YOUR TASK
Output the records precisely as they stand. Pictures are to be skipped.

*** DATA TO EXAMINE Section Begins ***

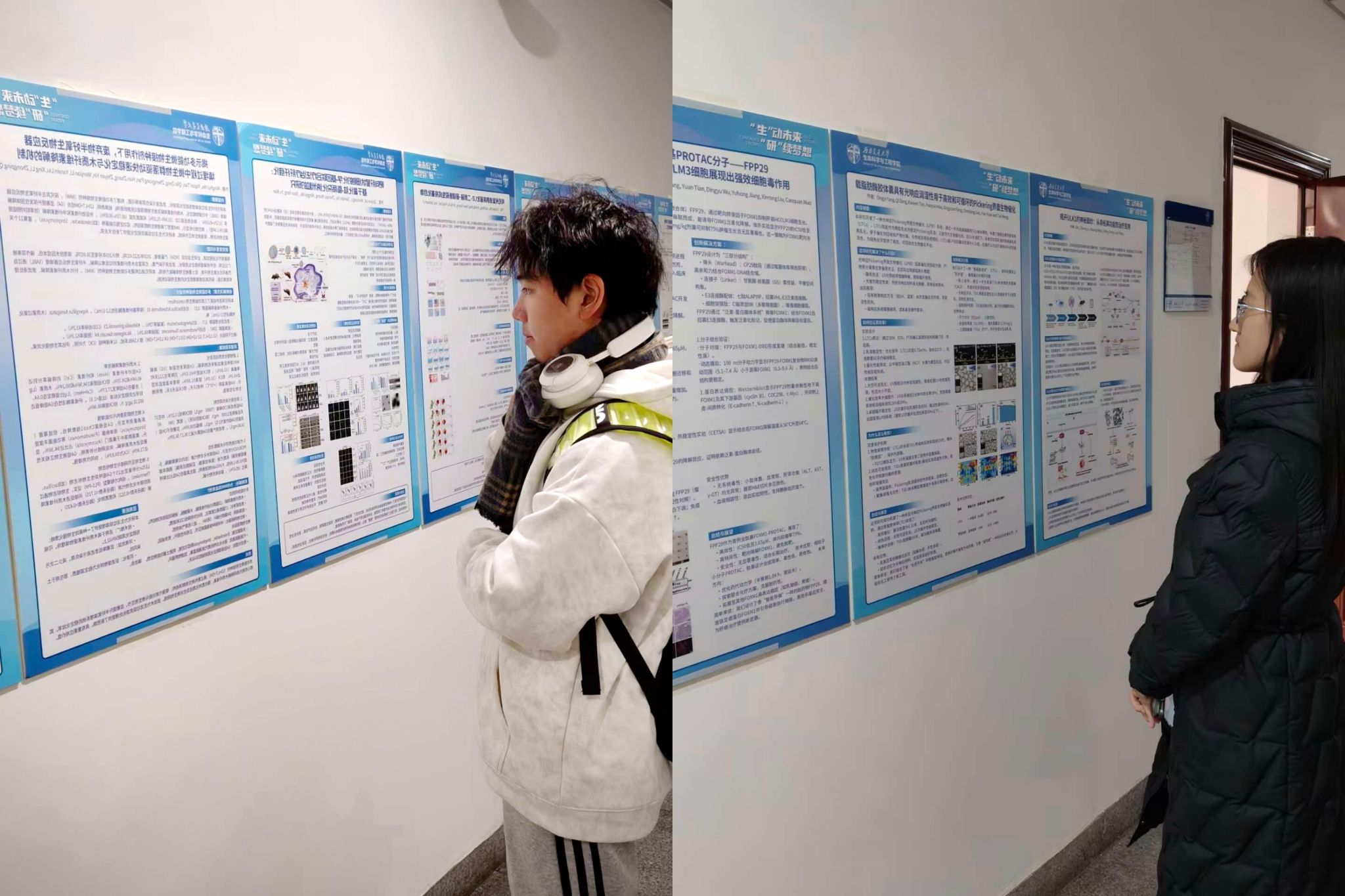 活动现场同步设置了学术墙报展示区,集中展出19项优秀学术成果,涵盖天然药物化学、环境微生物技术、药物递送与载体材料、脑卒中靶向治疗等多个前沿领域,以图文形式拓展了学术交流的维度,激发了同学们的探究热情。
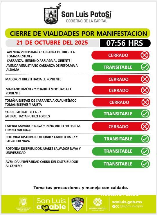 La Secretaría de Seguridad y Protección Ciudadana (SSPC) informó, con corte a las 7:56 horas, que permanecen cerradas las vialidades de Venustiano Carranza de Uresti a Tomasa Estévez, Mariano Jiménez y Cuauhtémoc hacia el poniente, así como la lateral de Salvador Nava Martínez y Niño Artillero en dirección a Himno Nacional.
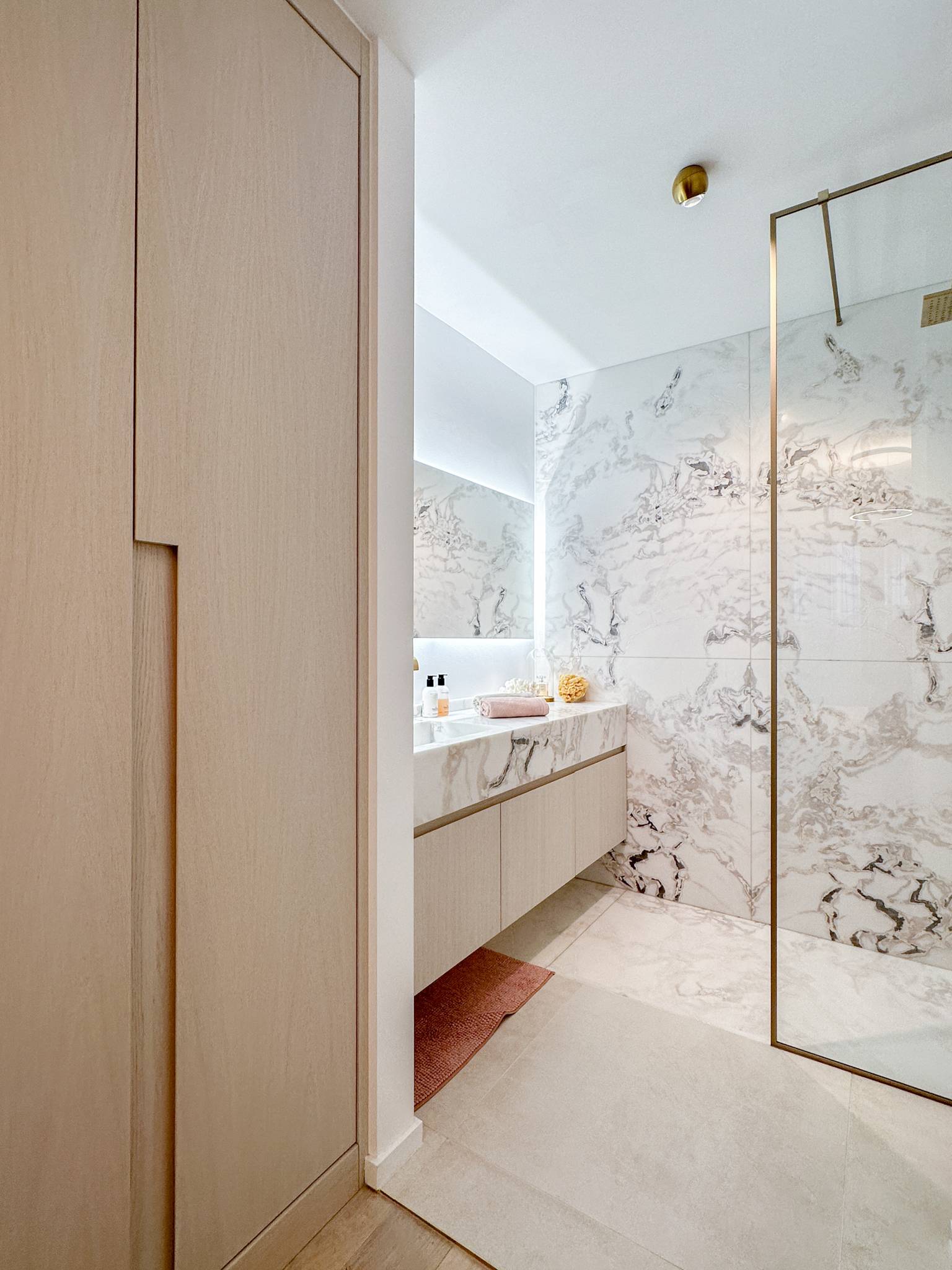 Chambre à coucher principale avec armoires encastrées et salle d'eau attenante avec douche à l'italienne. La deuxième chambre sert actuellement de dressing et chambre d'amis et bénéficie également d'une salle de douche attenante.
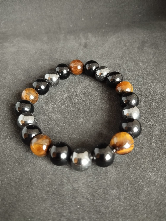 Ce bracelet puissant associe trois pierres incontournables de protection et de stabilité : l’hématite, l’œil de tigre et l’obsidienne.
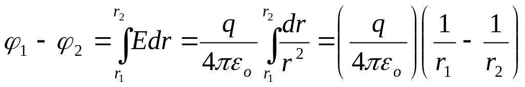 Якщо r1=R , а r2= , то потенціал зарядженої сфери = q/ 4п0R ;
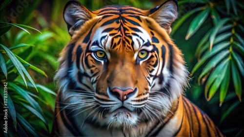 Generative AI captures a breathtaking close-up portrait of an intense tiger, a wild encounter.
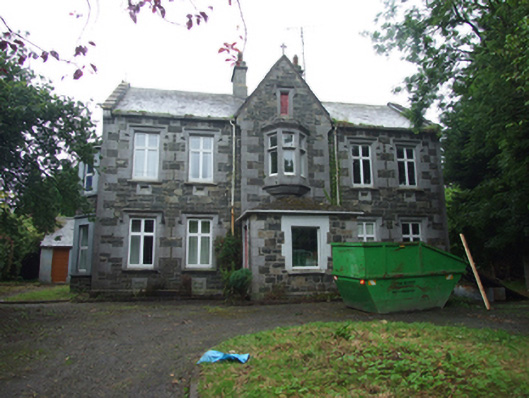 Detached Tudor-Gothic five-bay two-storey house, built c.1845, having central gabled breakfront with canted oriel window and later porch addition, three-bay two-storey return and single storey conservatory to rear, two-storey canted bay windows added to east gable. Now disused. Pitched slate roof with weathered limestone barge copings, cross finial to breakfront, hipped roof to porch with exposed rafter ends to eaves, pitched slate roof to return, uPVC rainwater goods. Ashlar limestone chimneystacks flanking central bay and over return having bevelled plinth and collar course. Random coursed squared and snecked rubblestone elevations with cut-stone punch-dressed quoins and bevelled stone plinth course. Smooth rendered walls to rear elevation and bay window, recent roughcast rendered walls to west gable, coursed rubblestone walling to return with brick dressings. Square-headed window openings with smooth bevelled cut-limestone block-and-start surrounds with Tudor hoods and tooled stone sills, replacement uPVC windows. Bevelled cut-stone surround and Tudor hood to louvred vent to gable. Bevelled mullions and transoms to oriel window with cut stone weathering and corbel. One-over-one timber sashes and timber casement windows to return, having central hip-roofed lucarne. Square-headed six-panelled entrance door with bolection mouldings to side of porch with plain overlight in smooth block-and start surround. Separate servant’s dwelling to southern rear corner having pitched slate roof, gable chimneystack, ruled-and-lined walls, punch-dressed quoins, and replacement windows and doors. Setback from road with wrought-iron gates in low ashlar limestone piers between rubblestone boundary walls. Cast-iron lanterns to driveway.
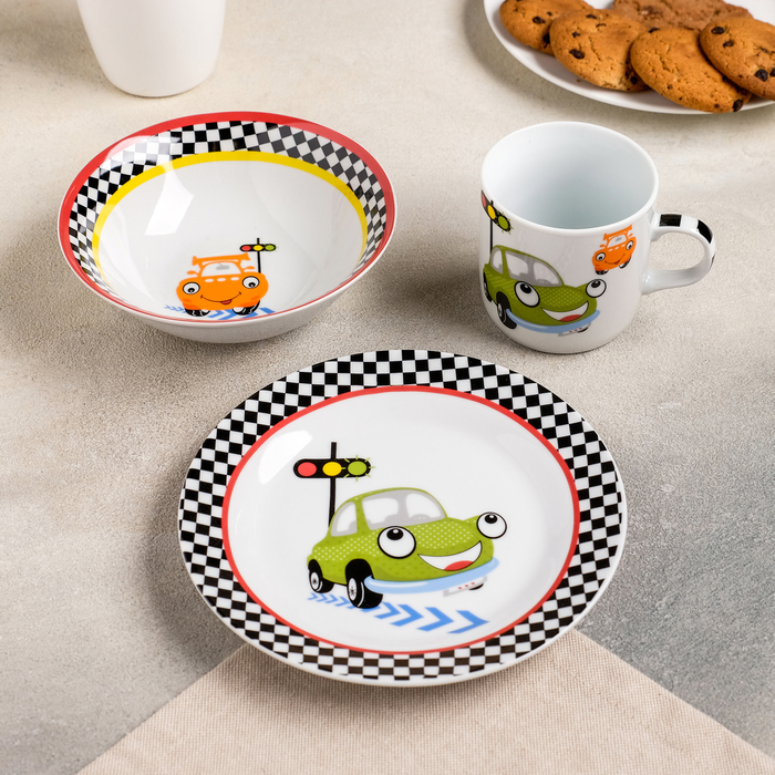 Набор детской посуды Светофор, 3 предмета: кружка 230 мл, миска 400 мл, тарелка 18 см
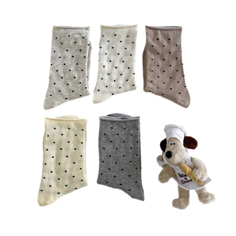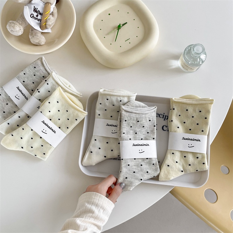 Korean Style Curled Hem Pile Socks For Women Small Dots Spring And Summer Sweat-absorbent Cream Curled Hem Dot Mid-tube Socks Confinement Socks

*** DATA TO EXAMINE Section Ends ***

RESPONSE TO THE TASK
 活动现场同步设置了学术墙报展示区,集中展出19项优秀学术成果,涵盖天然药物化学、环境微生物技术、药物递送与载体材料、脑卒中靶向治疗等多个前沿领域,以图文形式拓展了学术交流的维度,激发了同学们的探究热情。
 La Secretaría de Seguridad y Protección Ciudadana (SSPC) informó, con corte a las 7:56 horas, que permanecen cerradas las vialidades de Venustiano Carranza de Uresti a Tomasa Estévez, Mariano Jiménez y Cuauhtémoc hacia el poniente, así como la lateral de Salvador Nava Martínez y Niño Artillero en dirección a Himno Nacional.
 Chambre à coucher principale avec armoires encastrées et salle d'eau attenante avec douche à l'italienne. La deuxième chambre sert actuellement de dressing et chambre d'amis et bénéficie également d'une salle de douche attenante.
 Ce bracelet puissant associe trois pierres incontournables de protection et de stabilité : l’hématite, l’œil de tigre et l’obsidienne.
 Якщо r1=R , а r2= , то потенціал зарядженої сфери = q/ 4п0R ;
 Generative AI captures a breathtaking close-up portrait of an intense tiger, a wild encounter.
 Detached Tudor-Gothic five-bay two-storey house, built c.1845, having central gabled breakfront with canted oriel window and later porch addition, three-bay two-storey return and single storey conservatory to rear, two-storey canted bay windows added to east gable. Now disused. Pitched slate roof with weathered limestone barge copings, cross finial to breakfront, hipped roof to porch with exposed rafter ends to eaves, pitched slate roof to return, uPVC rainwater goods. Ashlar limestone chimneystacks flanking central bay and over return having bevelled plinth and collar course. Random coursed squared and snecked rubblestone elevations with cut-stone punch-dressed quoins and bevelled stone plinth course. Smooth rendered walls to rear elevation and bay window, recent roughcast rendered walls to west gable, coursed rubblestone walling to return with brick dressings. Square-headed window openings with smooth bevelled cut-limestone block-and-start surrounds with Tudor hoods and tooled stone sills, replacement uPVC windows. Bevelled cut-stone surround and Tudor hood to louvred vent to gable. Bevelled mullions and transoms to oriel window with cut stone weathering and corbel. One-over-one timber sashes and timber casement windows to return, having central hip-roofed lucarne. Square-headed six-panelled entrance door with bolection mouldings to side of porch with plain overlight in smooth block-and start surround. Separate servant’s dwelling to southern rear corner having pitched slate roof, gable chimneystack, ruled-and-lined walls, punch-dressed quoins, and replacement windows and doors. Setback from road with wrought-iron gates in low ashlar limestone piers between rubblestone boundary walls. Cast-iron lanterns to driveway.
 Набор детской посуды Светофор, 3 предмета: кружка 230 мл, миска 400 мл, тарелка 18 см
 Korean Style Curled Hem Pile Socks For Women Small Dots Spring And Summer Sweat-absorbent Cream Curled Hem Dot Mid-tube Socks Confinement Socks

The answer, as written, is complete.